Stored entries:
---------------

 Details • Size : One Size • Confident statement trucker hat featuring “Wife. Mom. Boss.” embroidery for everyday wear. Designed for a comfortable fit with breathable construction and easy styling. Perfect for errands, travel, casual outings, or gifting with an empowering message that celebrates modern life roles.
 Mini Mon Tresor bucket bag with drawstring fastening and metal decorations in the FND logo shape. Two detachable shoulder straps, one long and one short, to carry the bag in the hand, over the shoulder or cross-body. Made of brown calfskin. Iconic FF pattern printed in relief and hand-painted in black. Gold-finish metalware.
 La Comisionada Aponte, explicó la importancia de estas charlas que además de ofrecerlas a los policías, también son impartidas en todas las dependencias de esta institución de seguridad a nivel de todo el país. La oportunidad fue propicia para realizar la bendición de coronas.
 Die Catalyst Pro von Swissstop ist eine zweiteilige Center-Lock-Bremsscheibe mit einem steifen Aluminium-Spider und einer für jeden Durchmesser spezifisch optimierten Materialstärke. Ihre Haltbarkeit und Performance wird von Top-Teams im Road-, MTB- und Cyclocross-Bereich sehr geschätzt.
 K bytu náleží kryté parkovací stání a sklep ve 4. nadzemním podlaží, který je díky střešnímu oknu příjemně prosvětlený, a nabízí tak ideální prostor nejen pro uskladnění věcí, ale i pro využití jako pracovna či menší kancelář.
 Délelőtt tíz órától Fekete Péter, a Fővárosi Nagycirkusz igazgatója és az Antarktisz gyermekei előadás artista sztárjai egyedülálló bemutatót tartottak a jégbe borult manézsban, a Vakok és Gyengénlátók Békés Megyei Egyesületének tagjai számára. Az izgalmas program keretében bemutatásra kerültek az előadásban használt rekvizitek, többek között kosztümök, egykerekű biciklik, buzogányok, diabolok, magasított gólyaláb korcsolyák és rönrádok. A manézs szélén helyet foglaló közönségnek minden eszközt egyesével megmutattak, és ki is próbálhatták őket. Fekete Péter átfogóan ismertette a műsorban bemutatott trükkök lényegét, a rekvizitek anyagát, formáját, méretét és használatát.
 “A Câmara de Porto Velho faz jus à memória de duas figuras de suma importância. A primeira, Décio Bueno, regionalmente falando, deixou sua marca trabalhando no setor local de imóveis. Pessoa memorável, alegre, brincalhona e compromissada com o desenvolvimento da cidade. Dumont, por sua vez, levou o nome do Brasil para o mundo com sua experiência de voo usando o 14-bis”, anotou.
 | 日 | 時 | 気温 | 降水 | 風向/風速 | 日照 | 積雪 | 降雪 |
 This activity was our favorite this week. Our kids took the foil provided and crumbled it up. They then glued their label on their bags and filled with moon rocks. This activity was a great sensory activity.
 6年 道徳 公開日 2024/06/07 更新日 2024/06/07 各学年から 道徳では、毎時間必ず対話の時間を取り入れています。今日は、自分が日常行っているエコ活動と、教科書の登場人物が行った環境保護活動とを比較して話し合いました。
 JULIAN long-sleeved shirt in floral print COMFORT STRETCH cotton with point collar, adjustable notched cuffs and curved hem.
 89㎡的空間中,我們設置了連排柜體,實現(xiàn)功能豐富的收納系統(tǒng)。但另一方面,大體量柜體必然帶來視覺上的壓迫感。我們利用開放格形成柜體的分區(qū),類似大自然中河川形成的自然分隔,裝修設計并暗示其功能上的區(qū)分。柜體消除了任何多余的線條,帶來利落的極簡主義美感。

---------------

## Work to complete
Your reply must contain exactly the lines from the first line of the data through the line holding "K bytu náleží", and nothing more.

## Solution to the exercise
 Details • Size : One Size • Confident statement trucker hat featuring “Wife. Mom. Boss.” embroidery for everyday wear. Designed for a comfortable fit with breathable construction and easy styling. Perfect for errands, travel, casual outings, or gifting with an empowering message that celebrates modern life roles.
 Mini Mon Tresor bucket bag with drawstring fastening and metal decorations in the FND logo shape. Two detachable shoulder straps, one long and one short, to carry the bag in the hand, over the shoulder or cross-body. Made of brown calfskin. Iconic FF pattern printed in relief and hand-painted in black. Gold-finish metalware.
 La Comisionada Aponte, explicó la importancia de estas charlas que además de ofrecerlas a los policías, también son impartidas en todas las dependencias de esta institución de seguridad a nivel de todo el país. La oportunidad fue propicia para realizar la bendición de coronas.
 Die Catalyst Pro von Swissstop ist eine zweiteilige Center-Lock-Bremsscheibe mit einem steifen Aluminium-Spider und einer für jeden Durchmesser spezifisch optimierten Materialstärke. Ihre Haltbarkeit und Performance wird von Top-Teams im Road-, MTB- und Cyclocross-Bereich sehr geschätzt.
 K bytu náleží kryté parkovací stání a sklep ve 4. nadzemním podlaží, který je díky střešnímu oknu příjemně prosvětlený, a nabízí tak ideální prostor nejen pro uskladnění věcí, ale i pro využití jako pracovna či menší kancelář.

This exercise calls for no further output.